Comment 6 Sean Amoss gentoo-dev Security 2012-02-19 11:32:04 UTC
Thanks!

Arches, please test and mark stable:
=media-libs/libpng-1.5.9
Target KEYWORDS="alpa amd64 arm hppa ia64 m68k ppc ppc64 s390 sh sparc x86"
Comment 7 Agostino Sarubbo gentoo-dev 2012-02-19 12:50:30 UTC
amd64 stable
Comment 8 Jeff (JD) Horelick (RETIRED) gentoo-dev 2012-02-19 19:17:22 UTC
x86 stable
Comment 9 KinG-InFeT 2012-02-19 19:42:20 UTC
x86 stable
Comment 10 GLSAMaker/CVETool Bot gentoo-dev 2012-02-20 05:04:35 UTC
CVE-2011-3026 (http://nvd.nist.gov/nvd.cfm?cvename=CVE-2011-3026):
  Integer overflow in libpng, as used in Google Chrome before 17.0.963.56,
  allows remote attackers to cause a denial of service or possibly have
  unspecified other impact via unknown vectors that trigger an integer
  truncation.
Comment 11 Jeroen Roovers gentoo-dev 2012-02-20 12:30:36 UTC
Stable for HPPA.
Comment 12 Tim Sammut (RETIRED) gentoo-dev 2012-02-21 22:08:44 UTC
From the libpng homepage at http://www.libpng.org/pub/png/libpng.html:

> All branches of libpng prior to versions 1.5.9, 1.4.9, 1.2.47, and
> 1.0.57, respectively, fail to correctly validate a heap allocation in
> png_decompress_chunk(), which can lead to a buffer-overrun and the
> possibility of execution of hostile code on 32-bit systems. This
> vulnerability has been assigned ID CVE-2011-3026 and is fixed in
> version 1.5.9, released 18 February 2012.

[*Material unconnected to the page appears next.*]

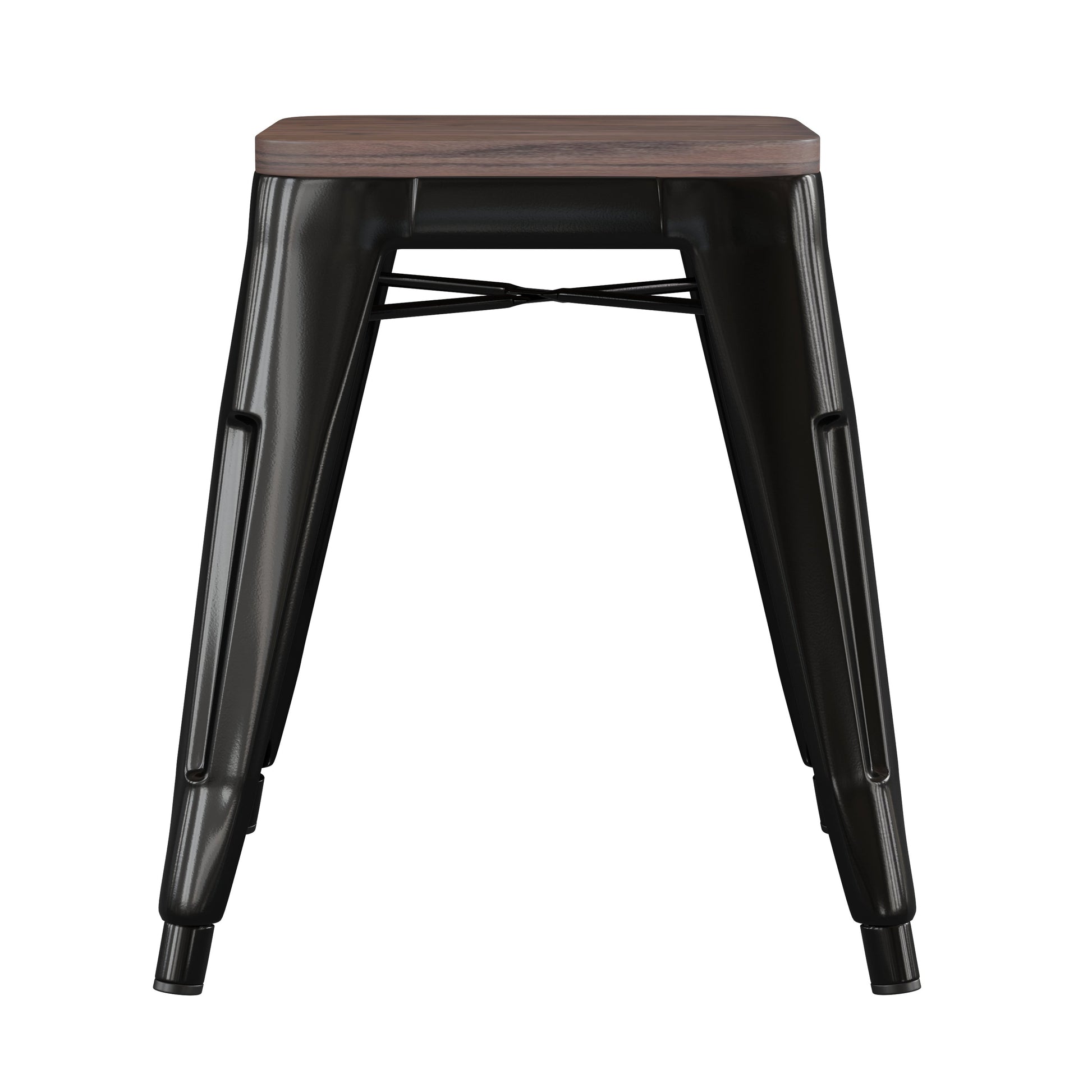 Kai 18" Backless Table Height Stool with Wooden Seat, Stackable Black Metal Indoor Dining Stool, Commercial Grade - Set of 4 Dimensions: 15.75"W x 15.75"D x 18"H

=media-libs/libpng-1.2.47 was already stabilized on x86/amd64 (thanks, Samuli).
Comment 13 Brent Baude (RETIRED) gentoo-dev 2012-02-28 20:18:39 UTC
ppc done
Comment 14 Tobias Klausmann gentoo-dev 2012-03-02 13:43:40 UTC
Stable on alpha.
Comment 15 Samuli Suominen gentoo-dev 2012-03-02 19:46:13 UTC
ppc64 done
Comment 16 Markus Meier gentoo-dev 2012-03-03 15:35:57 UTC
arm stable
Comment 17 Raúl Porcel (RETIRED) gentoo-dev 2012-03-03 20:22:30 UTC
ia64/m68k/s390/sh/sparc stable
Comment 18 Tim Sammut (RETIRED) gentoo-dev 2012-03-03 20:25:34 UTC
thanks, everyone. Already in GLSA request.
Comment 19 GLSAMaker/CVETool Bot gentoo-dev 2012-06-22 11:07:22 UTC
This issue was resolved and addressed in
 GLSA 201206-15 at http://security.gentoo.org/glsa/glsa-201206-15.xml
by GLSA coordinator Sean Amoss (ackle).